Michael Brunton-Spall wrote last week about some frustrations with packagings and deploying Python web applications. Although his experience was with Python, the problems he describes are the same for Ruby and PHP and a whole host of languages. The following example uses Python, but works equally as well for anything else.
Michael has three simple rules for his servers:
- they cannot access the internet
- they cannot access internal services that are for development
- they cannot have compilers / utilities on them
I won’t go into all the reasons for doing this (you can read the blog post linked to above) but these are pretty sensible security precautions.
My approach to this problem would be to use your friendly system packages and using a handy tool called Checkinstall to create a deb or rpm. I’m going to use as an example the Eventlet library. This is available in PyPi and one of it’s dependencies (Greenlets) provides a C extension. The same approach would work for an entire Python web application too. I’m as ever using the apt package management tool but this should work with yum as well.
The first step is to build the package on a build machine. This should be a machine or virtual machine running the same operating system as your production web servers. You might build these packages manually or as part of a continuous integration system. On this machine we’ll need the compilers and development tools:
sudo apt-get install build-essential python-dev python-setuptools checkinstall sudo easy_install virtualenv
We’ll also create a virtualenv into which we’ll be installing our packages:
sudo virtualenv --no-site-packages /usr/local/environment source /usr/local/environment/bin/activate
Now, instead of just calling easy_install to install the package, we prefix it with checkinstall.

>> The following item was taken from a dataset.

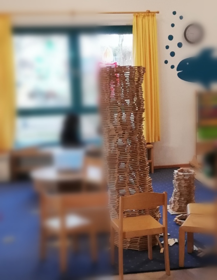 Auf den verschiedenen Bauplätzen stehen den Kindern des ganzen Hauses ganztägig vielfältige Bau - und Konstruktionsmaterialien zur Verfügung.
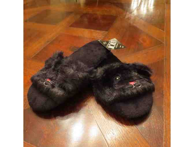 What better way to spend an evening but relaxing with your favorite friend and these awesome black fur (artificial of course) slippers. Slippers feature an adorable little face and cute standing ears and a non skid sole.

sudo checkinstall /usr/local/environment/bin/easy_install eventlet
This will prompt for various meta data about the package you want to create, including the name and version of the package. If you’re using this method in the real world you’ll want to decide on a versioning and naming scheme for your packages to avoid clashes with system provided packages. You can also set many of these options from the command line rather than having to manually fill them in each time.
Once everything has been filled in successfully this should run through, installing eventlet and greenlets and eventually creating a deb or rpm package depending on what platform you’re running on. You should see something like:
Done. The new package has been installed and saved to /home/vagrant/eventlet-gareth_20110129-1_i386.deb You can remove it from your system anytime using: dpkg -r eventlet-gareth
Now lets grab that package and take it to one of our front end web servers via a controlled deployment process. That front end web server needs the virtualenv creating but nothing else. So:
sudo apt-get install python-virtualenv sudo virtualenv --no-site-packages /usr/local/environment
(Now you might be thinking that installing the python-virtualenv package in this way breaks rule 1 above. And you’d be right in most cases, but I’m guessing Michael’s systems team have a local package repo for authorised packages, or alternatively you could download the package to the build machine and push it to the production environment.)
Now install the package we created earlier.
sudo dpkg -i eventlet-gareth_20110129-1_i386.deb
That should throw all the required files into the virtualenv environment we created. No compilers. No calls to internal or external systems. Just move some precompiled binaries and text files to predefined places on disk.
I used a PyPi package as an example. Checkinstall could have been pointed at a custom build file written especially for your own application, one that moves files and folders to where they are needed. Say something that looks like this:
#!/bin/sh cp /home/stage/myapplication /var/www/apps/
The running checkinstall against that (or a more complex build file using capistrano or ant or fabric) you can create a package containing your application code and install it into the specified place.